Die Auster
Eine traurige Geschichte
Ein Hering liebt‘ eine Auster
Im kühlen Meeresgrund;
Es war sein Dichten und sein Trachten
Ein Kuss von ihrem Mund.
Die Auster, die war spröde,
Sie blieb in ihrem Haus;
Ob der Hering sang und seufzte,
Sie schaute nicht heraus.
Nur eines Tags erschloss sie
Ihr duftig Schalenpaar;
Sie wollt im Meeresspiegel
Beschauen ihr Antlitz klar.
Schnell kam der Hering geschwommen,
Streckt seinen Kopf herein
Und dacht an einem Kusse
In Ehren sich zu freun!
O Harung, armer Harung,
Wie schwer bist du blamiert!
– Sie schloss in Wut die Schalen,
Da war er guillotiniert.
Jetzt schwamm sein toter Leichnam
Wehmütig im grünen Meer
Und dacht: „In meinem Leben
Lieb ich keine Auster mehr!“
Joseph Viktor von Scheffel (1826-1886)
Wohl jeder von uns kennt Situationen, in denen es ihm so ging wie dem Hering. Da haben wir uns genähert und zack! war der Kopf ab. Ich vermute aber auch, wir alle tragen auch ein Stück weit die Auster in uns. Die dicke, mit Perlmutt ausgekleidete Schale schützt ein empfindsames Wesen. Die Schale haben wir uns angeeignet, weil sie die beste Strategie erschien um unser verletzliches Inneres in Sicherheit zu bringen.

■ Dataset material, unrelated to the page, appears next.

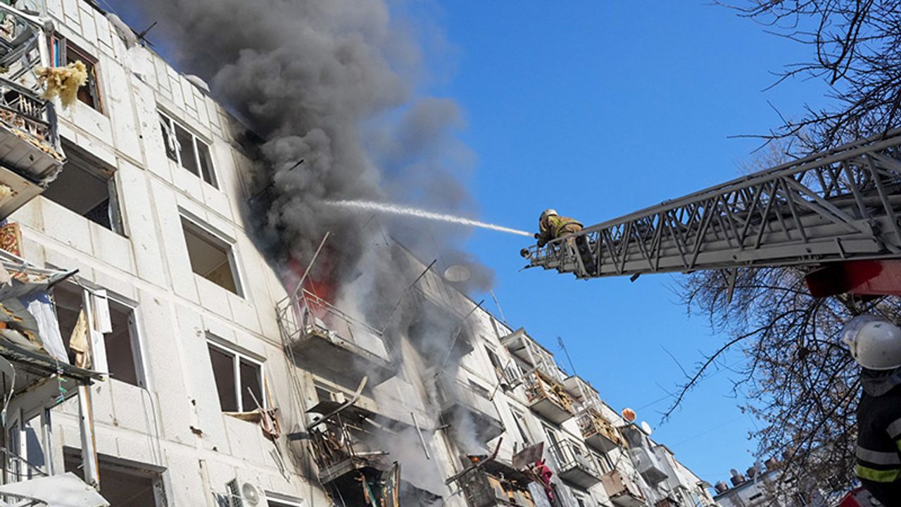 Rus saldırıları sırasında Kharkiv kentindeki bir apartman kompleksi zarar gördü. En az bir kişinin yaralandığı, ayrıca olay yerinde bir kişinin yerde yattığı görüldü.
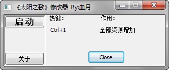 太陽(yáng)之歌修改器是同名小游戲的輔助工具,功能簡(jiǎn)單,為玩家爆機(jī)節(jié)省時(shí)間! 功能:ctrl+1 全部資源增加

Dieser Schutzpanzer stammt aus der Zeit der emotionalen Sklaverei. In dieser Epoche glaubten wir, wir seien für das Wohl und Wehe anderer Menschen verantwortlich, und andere Menschen könnten uns mit dem, was sie sagen, verletzten.
In der Gewaltfreien Kommunikation lernen wir, dass uns nur unsere eigenen Gedanken verletzen können. Und wir lernen, dass das Nein unseres Gegenübers das Ja zu etwas anderem ist. Wir lernen, dass es so etwas wie Zurückweisung, Verarsche, angegriffen oder beleidigt werden nicht gibt. Wir lernen, Sorge zu tragen für unsere emotionale Sicherheit und wir lernen, uns für die Erfüllung unserer Bedürfnisse einzusetzen. Und je besser uns das gelingt, desto weniger brauchen wir unsere Austernschalen.
Heute will ich beobachten, wann meine Austernschalen zuklappen wollen. Ich werde dem nachspüren, was meinen Sicherheitsmechanismus aktiviert hat und herausfinden, welche Bedürfnisse dabei unerfüllt sind.